Lysates from symptomatic TgA53T mice and αS PFF induce α-synucleinopathy with similar end-stage distribution.
Although the intracortical/intrastriatal (IC/IS) transmission model shows the induction and spread of αS pathology in TgA53T mice6, studies show that injections of pathogenic αS lysates or preformed αS fibrils (PFF) in multiple areas, including the skeletal muscle, can induce widespread αS pathology over time9. Thus, we examined whether the inoculation site impacts the onset and spread of αS pathology in TgA53T mice. Because brain stem (BrSt) neurons are affected early by αS pathology in both human PD10 and in the TgA53T mouse model8, we compared the disease produced by the IC/IS inoculation with the BrSt injections of αS PFF. We injected young, disease-free 3–6 month-old TgA53T mice (all from line G2-3 unless noted) with end-stage lysate (ESL or S3000, a crude 3000xg pooled lysate) from BrSt/Spinal Cord (SpC) of end-stage (ES) affected TgA53T mice or lysates from disease-free (asymptomatic lysate, ASL) 5–6 months old TgA53T mice (Fig. 1a-c). Immunoblot analysis (Fig. 1b) show that both ASL and ESL contain similar amount of total αS but ESL contains greater amount of pS129αS, consistent with pathology in ES TgA53T mice. Like that seen by Luk et al. (2012), the mean of survival for bilateral IC/IS injected mice was 98 ± 8.6 days post-inoculation (dpi) (Mean ± SD) (Fig. 1d, Supplemental Fig. 1). Unilateral inoculation of ESL into the BrSt resulted in earlier onset of motor dysfunction with the mean survival of 71.3 ± 18.7 dpi (Fig. 1d, S1a), a significantly shorter disease time course than with IC/IS dual injections. Inoculation of αS PFF into BrSt leads to mean survival time (77.4 ± 13.16 dpi, n = 5) that is like the ESL inoculation (Fig. 1d, S1a). All the mice injected with ASL or saline remained disease free at ~ 150 dpi (Fig. 1d) except one ASL-inoculated animal who succumbed to disease prematurely died at ~ 9 months of age, a time point where normal aged TgA53T mice start to show disease8. Thus, it is likely that this animal developed disease independently of the injected lysate.

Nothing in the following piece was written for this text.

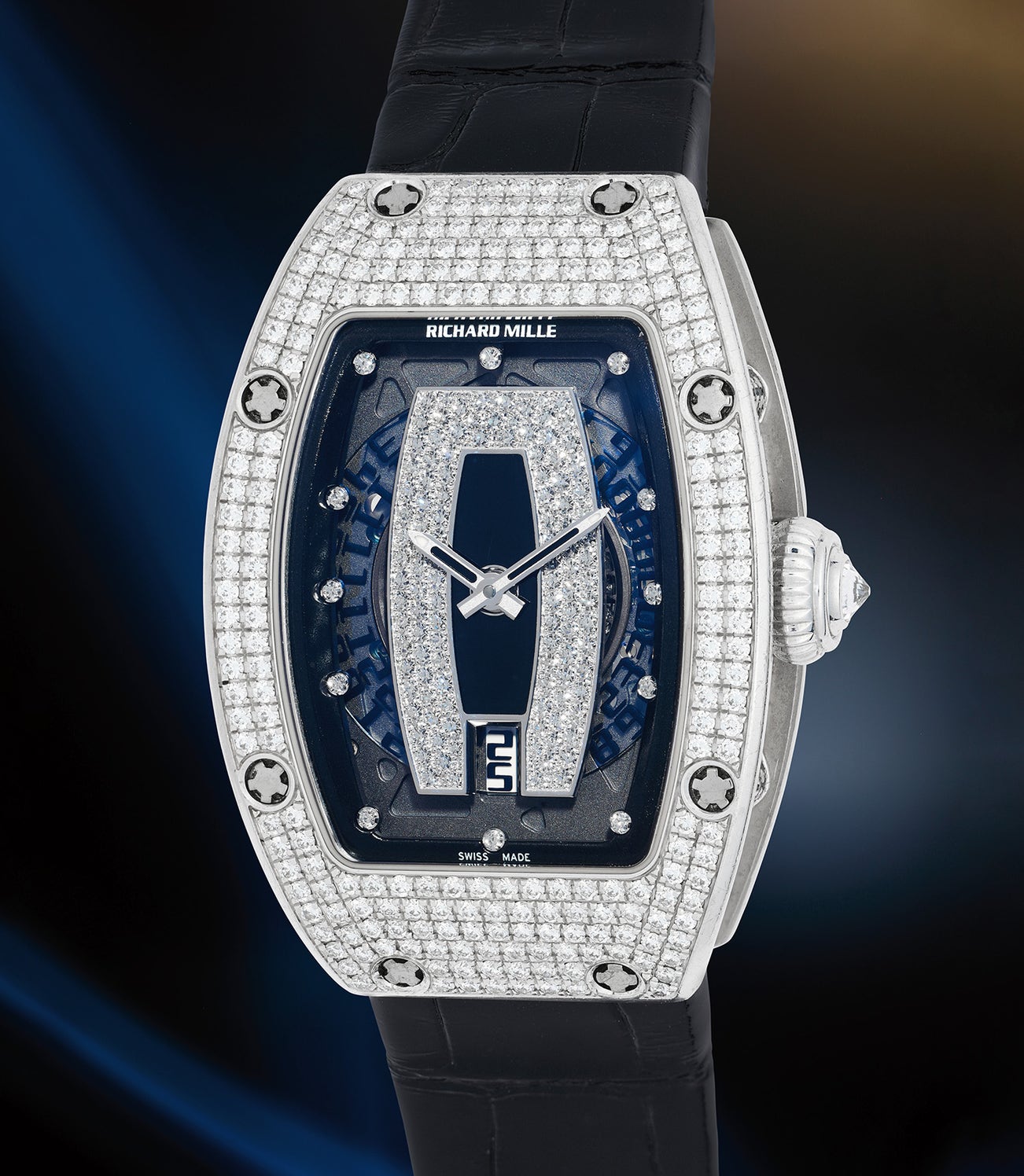 A particularly attractive example of an RM 007, it features a beautiful white gold case set with 650 diamonds, weighing over 4.845 carats. The beautifully diamond-set semi-skeletonized dial is also inlayed with a piece of black onyx stone, further extending this watch’s attractiveness. Inside ticks an innovative, self-winding movement with rotor in grade 5 titanium, and a tungsten carbide rotor system containing 18K gold micro-beads.

Biochemical analysis of the ESL inoculated animals confirms that the ESL, but not ASL, leads to αS pathology (Fig. 2a). Analysis of Triton X100-detergent soluble and insoluble fractions reveal the accumulation of insoluble high molecular weight (HMW) species of αS (Fig. 2a, asterisks) in the SpC of ESL injected mice. In the ESL injected mice, insoluble pS129αS accumulates in BrSt and SpC, corresponding to the regions most affected by αS pathology (Fig. 2a). Consistent with lack of αS pathology, pS129αS does not accumulate in ASL (Fig. 2a) or Saline (not shown) injected mice. This pattern of αS pathology is equivalent to that seen with the ES TgA53T mice that normally develop α-synucleinopathy from aging8.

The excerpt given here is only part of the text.